Looking For Great Value Hiking Boots?

You’re in the right place! In this guide, we will be covering the following:

    • Why you need a great pair of hiking boots
    • What goes into the making of a reliable, comfortable boot
    • What to consider when buying
    • Reviews of the best affordable hiking boots on the market
    • Our unbiased recommendation on the #1 budget hiking boot

No piece of kit impacts the success and comfort of our hiking adventures more than what we wear on our feet. Unlike our backpacks or jackets, for example, getting this one wrong could result in hour upon hour of pain and discomfort and make those adventures more likely to fall into the “misadventure” column.

Avoiding the above is a lot trickier when buying at the budget end of the market.

Here, there are plenty of bargains to be found, of course…

…but beware of the many unworthy options that are dead-certs to disintegrate a few months down the line or turn your hikes into true suffer-fests. Blisters, bunions, foot cramp, and head-over-heel tumbles are a few of the misfortunes that might await!

In short, finding the best budget hiking boot is a trail addled with plenty of pitfalls.

But fear not, dear reader!
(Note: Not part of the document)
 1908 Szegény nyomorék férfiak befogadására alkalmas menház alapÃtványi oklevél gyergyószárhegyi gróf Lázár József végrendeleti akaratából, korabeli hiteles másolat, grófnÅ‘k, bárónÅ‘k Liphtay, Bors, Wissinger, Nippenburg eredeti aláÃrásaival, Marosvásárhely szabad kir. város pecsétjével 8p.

In this guide, we’re going to usher you around those pitfalls by delivering a detailed buyer’s guide to the best cheap hiking boots on the market along with our top 7 picks for this year.
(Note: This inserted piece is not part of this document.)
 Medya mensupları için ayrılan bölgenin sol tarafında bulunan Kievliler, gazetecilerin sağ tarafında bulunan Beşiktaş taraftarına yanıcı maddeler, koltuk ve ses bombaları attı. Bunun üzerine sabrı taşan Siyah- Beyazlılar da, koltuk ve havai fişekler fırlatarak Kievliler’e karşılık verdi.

Best Budget-Friendly Hiking Boots by Category

3-Season: Merrell Forestbound Mid, Salomon Quest Prime GTX, Timberland White Ledge
Lightweight: Merrell Moab 2 Vent Mid, Timberland White Ledge, Adidas Terrex Eastrail Mid GTX
Leather: Merrell Forestbound Mid, Timberland White Ledge
Waterproof: Merrell Forestbound Mid, Salomon Quest Prime GTX, Timberland White Ledge, Adidas Terrex Eastrail Mid GTX, Hi-Tec Men’s Altitude Lite I, Columbia Newton Ridge Plus II

Editor’s Choice

Timberland White Ledge Men’s Boot

Timberland Men's White Ledge Mid Waterproof Hiking Boot, Wheat, 7

The White Ledge wins our vote as the best budget hiking boots for a number of reasons. They’re light, robust, waterproof, and comfortable. They boast an overall quality of build that, to our minds, is on a par with many of their far pricier competitors.

This mid-cut boot is made with super-sturdy but supple, full-grain waterproof leather uppers that offer outstanding comfort and durability. It makes use of sealed seams to prevent leaks and cushion-like EVA footbeds and midsoles that both absorb shock and dampen blows while walking in rocky terrain.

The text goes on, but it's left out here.